* Problem details *
An image-free, verbatim transcription of the records is the expected result.

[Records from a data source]
══════════════════════════════

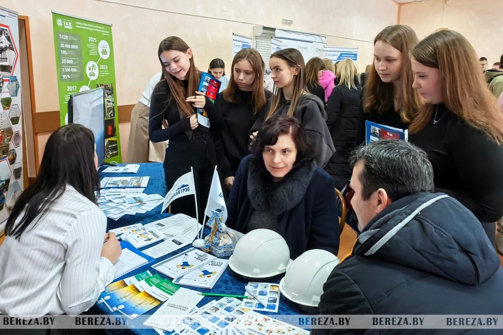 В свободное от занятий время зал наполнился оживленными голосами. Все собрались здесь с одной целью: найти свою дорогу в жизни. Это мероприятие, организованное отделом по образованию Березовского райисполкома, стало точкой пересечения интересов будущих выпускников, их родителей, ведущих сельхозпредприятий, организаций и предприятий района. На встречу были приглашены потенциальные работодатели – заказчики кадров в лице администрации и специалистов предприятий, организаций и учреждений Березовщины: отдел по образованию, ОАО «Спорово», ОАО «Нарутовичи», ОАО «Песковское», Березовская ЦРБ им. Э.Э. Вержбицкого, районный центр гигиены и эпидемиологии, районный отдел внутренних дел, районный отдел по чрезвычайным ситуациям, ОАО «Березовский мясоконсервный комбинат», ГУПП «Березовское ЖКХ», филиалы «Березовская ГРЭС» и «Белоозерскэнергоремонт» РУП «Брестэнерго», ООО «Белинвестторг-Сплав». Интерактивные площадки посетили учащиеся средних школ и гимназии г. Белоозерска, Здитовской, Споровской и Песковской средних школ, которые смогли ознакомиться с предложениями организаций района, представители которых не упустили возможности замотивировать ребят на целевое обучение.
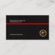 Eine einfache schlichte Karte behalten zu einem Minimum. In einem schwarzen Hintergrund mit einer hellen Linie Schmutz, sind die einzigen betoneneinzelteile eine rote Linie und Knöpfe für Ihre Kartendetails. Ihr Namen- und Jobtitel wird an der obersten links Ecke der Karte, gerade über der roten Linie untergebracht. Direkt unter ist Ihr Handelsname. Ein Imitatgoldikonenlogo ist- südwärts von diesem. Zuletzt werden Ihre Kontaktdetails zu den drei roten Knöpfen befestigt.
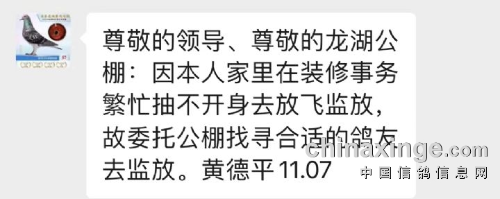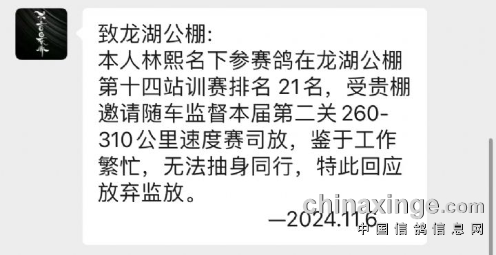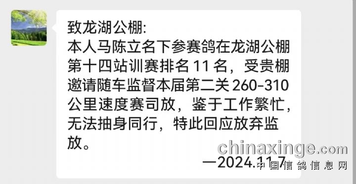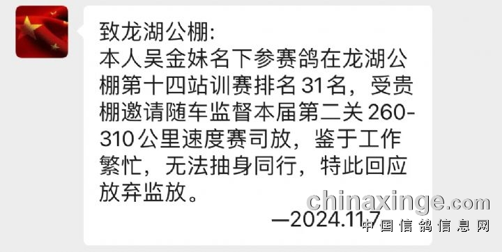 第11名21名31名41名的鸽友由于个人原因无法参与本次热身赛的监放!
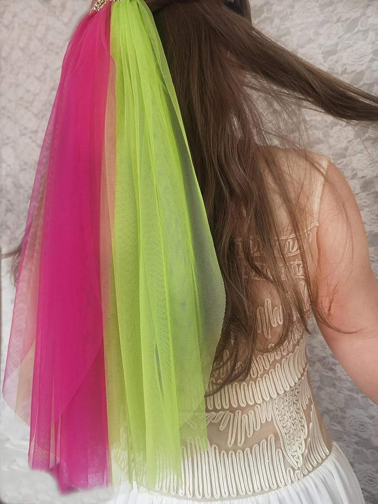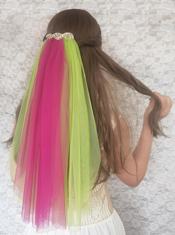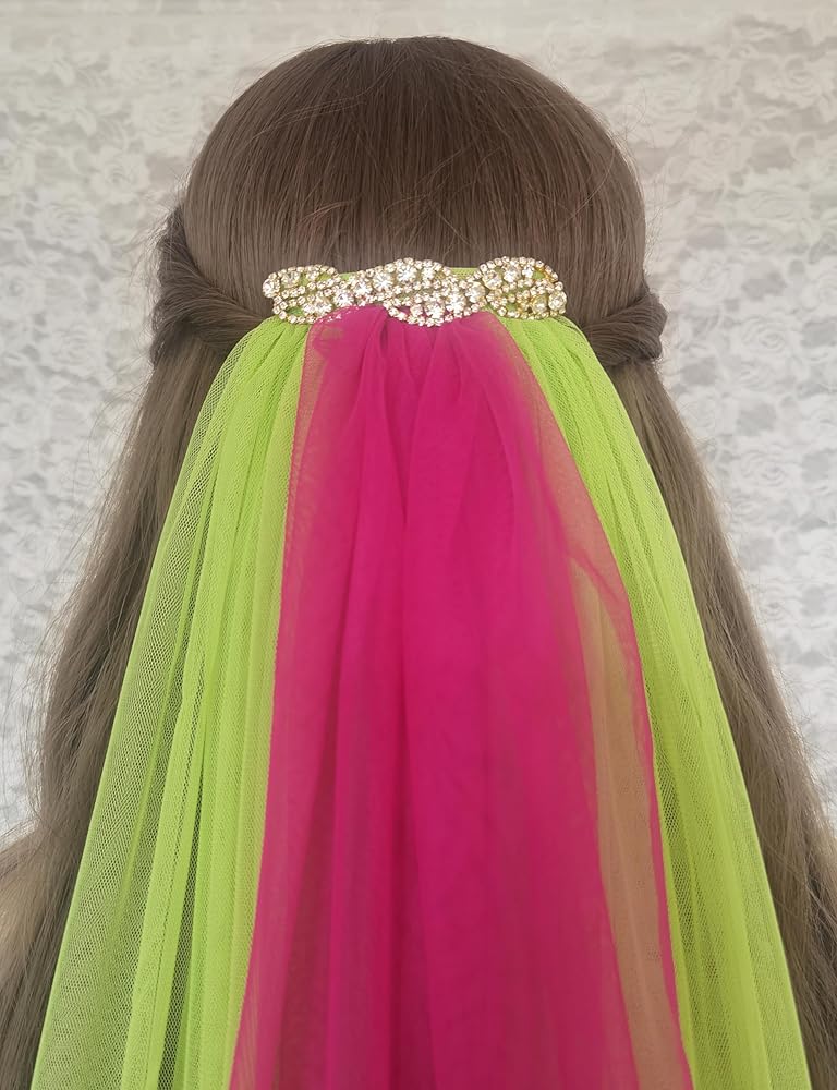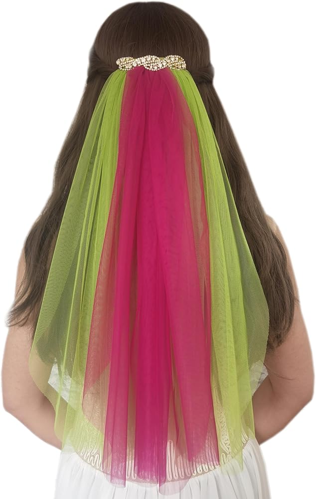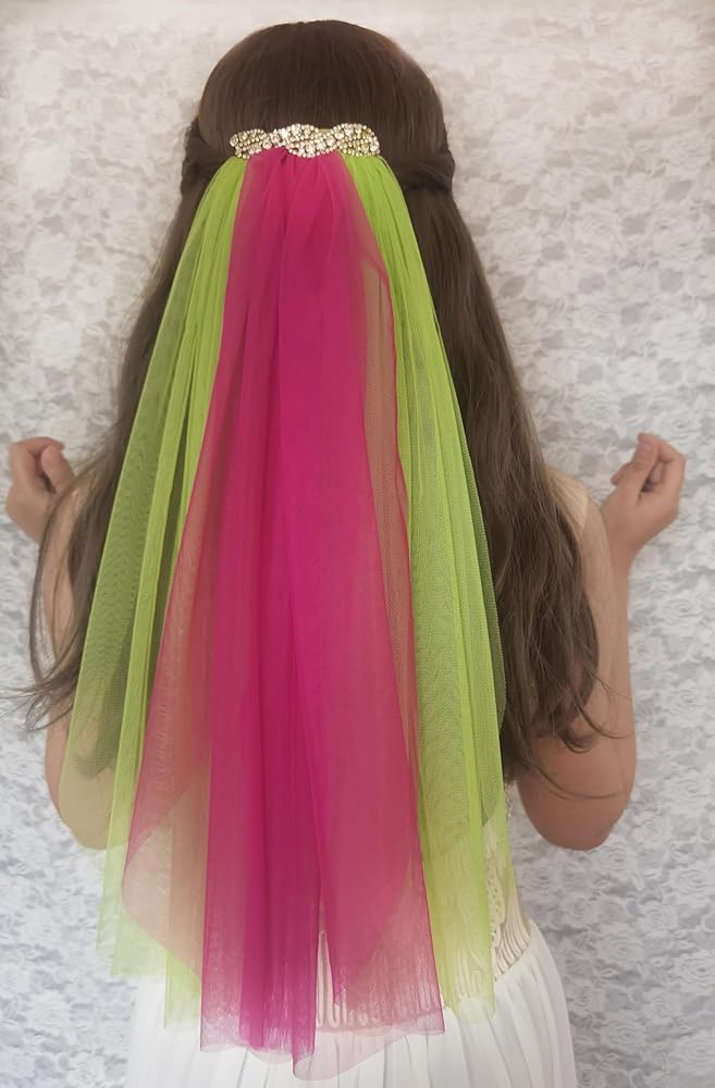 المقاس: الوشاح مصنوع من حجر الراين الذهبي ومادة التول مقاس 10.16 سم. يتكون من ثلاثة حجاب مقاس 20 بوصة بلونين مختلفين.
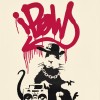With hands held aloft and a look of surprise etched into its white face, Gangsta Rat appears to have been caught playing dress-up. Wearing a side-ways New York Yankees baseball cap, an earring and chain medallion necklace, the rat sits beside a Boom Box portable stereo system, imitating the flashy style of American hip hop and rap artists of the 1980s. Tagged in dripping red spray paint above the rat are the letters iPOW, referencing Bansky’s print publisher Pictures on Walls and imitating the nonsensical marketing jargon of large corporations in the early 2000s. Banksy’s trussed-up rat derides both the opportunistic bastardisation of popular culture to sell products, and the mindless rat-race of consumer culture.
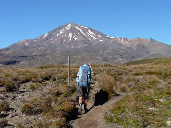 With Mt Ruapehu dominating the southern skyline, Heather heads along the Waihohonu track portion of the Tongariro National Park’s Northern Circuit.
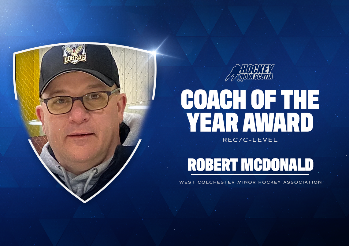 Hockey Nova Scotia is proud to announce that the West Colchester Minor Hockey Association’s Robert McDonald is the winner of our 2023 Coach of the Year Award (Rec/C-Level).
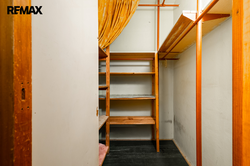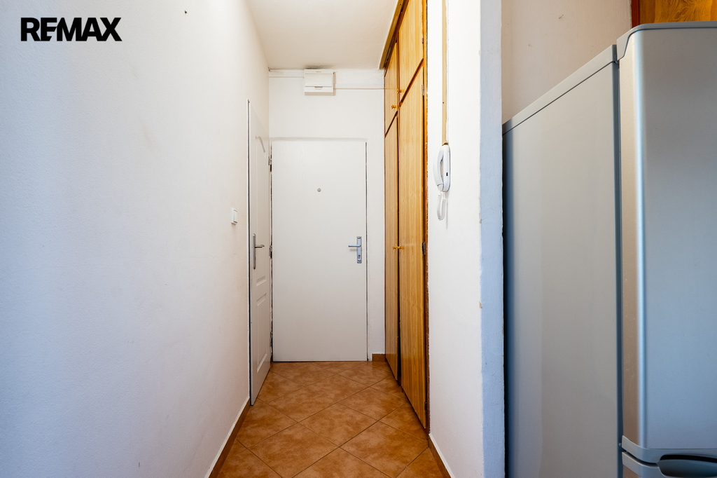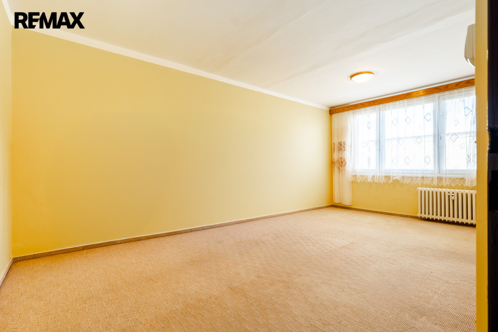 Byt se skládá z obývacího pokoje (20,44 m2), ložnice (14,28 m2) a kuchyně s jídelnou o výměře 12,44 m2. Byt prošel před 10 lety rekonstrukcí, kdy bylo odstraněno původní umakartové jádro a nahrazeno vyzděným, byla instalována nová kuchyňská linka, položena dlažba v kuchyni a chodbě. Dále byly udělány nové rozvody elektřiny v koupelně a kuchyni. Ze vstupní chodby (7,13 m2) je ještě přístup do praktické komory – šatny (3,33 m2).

══════════════════════════════

* Solution for this problem *
 В свободное от занятий время зал наполнился оживленными голосами. Все собрались здесь с одной целью: найти свою дорогу в жизни. Это мероприятие, организованное отделом по образованию Березовского райисполкома, стало точкой пересечения интересов будущих выпускников, их родителей, ведущих сельхозпредприятий, организаций и предприятий района. На встречу были приглашены потенциальные работодатели – заказчики кадров в лице администрации и специалистов предприятий, организаций и учреждений Березовщины: отдел по образованию, ОАО «Спорово», ОАО «Нарутовичи», ОАО «Песковское», Березовская ЦРБ им. Э.Э. Вержбицкого, районный центр гигиены и эпидемиологии, районный отдел внутренних дел, районный отдел по чрезвычайным ситуациям, ОАО «Березовский мясоконсервный комбинат», ГУПП «Березовское ЖКХ», филиалы «Березовская ГРЭС» и «Белоозерскэнергоремонт» РУП «Брестэнерго», ООО «Белинвестторг-Сплав». Интерактивные площадки посетили учащиеся средних школ и гимназии г. Белоозерска, Здитовской, Споровской и Песковской средних школ, которые смогли ознакомиться с предложениями организаций района, представители которых не упустили возможности замотивировать ребят на целевое обучение.
 Eine einfache schlichte Karte behalten zu einem Minimum. In einem schwarzen Hintergrund mit einer hellen Linie Schmutz, sind die einzigen betoneneinzelteile eine rote Linie und Knöpfe für Ihre Kartendetails. Ihr Namen- und Jobtitel wird an der obersten links Ecke der Karte, gerade über der roten Linie untergebracht. Direkt unter ist Ihr Handelsname. Ein Imitatgoldikonenlogo ist- südwärts von diesem. Zuletzt werden Ihre Kontaktdetails zu den drei roten Knöpfen befestigt.
 第11名21名31名41名的鸽友由于个人原因无法参与本次热身赛的监放!
 المقاس: الوشاح مصنوع من حجر الراين الذهبي ومادة التول مقاس 10.16 سم. يتكون من ثلاثة حجاب مقاس 20 بوصة بلونين مختلفين.
With hands held aloft and a look of surprise etched into its white face, Gangsta Rat appears to have been caught playing dress-up. Wearing a side-ways New York Yankees baseball cap, an earring and chain medallion necklace, the rat sits beside a Boom Box portable stereo system, imitating the flashy style of American hip hop and rap artists of the 1980s. Tagged in dripping red spray paint above the rat are the letters iPOW, referencing Bansky’s print publisher Pictures on Walls and imitating the nonsensical marketing jargon of large corporations in the early 2000s. Banksy’s trussed-up rat derides both the opportunistic bastardisation of popular culture to sell products, and the mindless rat-race of consumer culture.
 With Mt Ruapehu dominating the southern skyline, Heather heads along the Waihohonu track portion of the Tongariro National Park’s Northern Circuit.
 Hockey Nova Scotia is proud to announce that the West Colchester Minor Hockey Association’s Robert McDonald is the winner of our 2023 Coach of the Year Award (Rec/C-Level).
 Byt se skládá z obývacího pokoje (20,44 m2), ložnice (14,28 m2) a kuchyně s jídelnou o výměře 12,44 m2. Byt prošel před 10 lety rekonstrukcí, kdy bylo odstraněno původní umakartové jádro a nahrazeno vyzděným, byla instalována nová kuchyňská linka, položena dlažba v kuchyni a chodbě. Dále byly udělány nové rozvody elektřiny v koupelně a kuchyni. Ze vstupní chodby (7,13 m2) je ještě přístup do praktické komory – šatny (3,33 m2).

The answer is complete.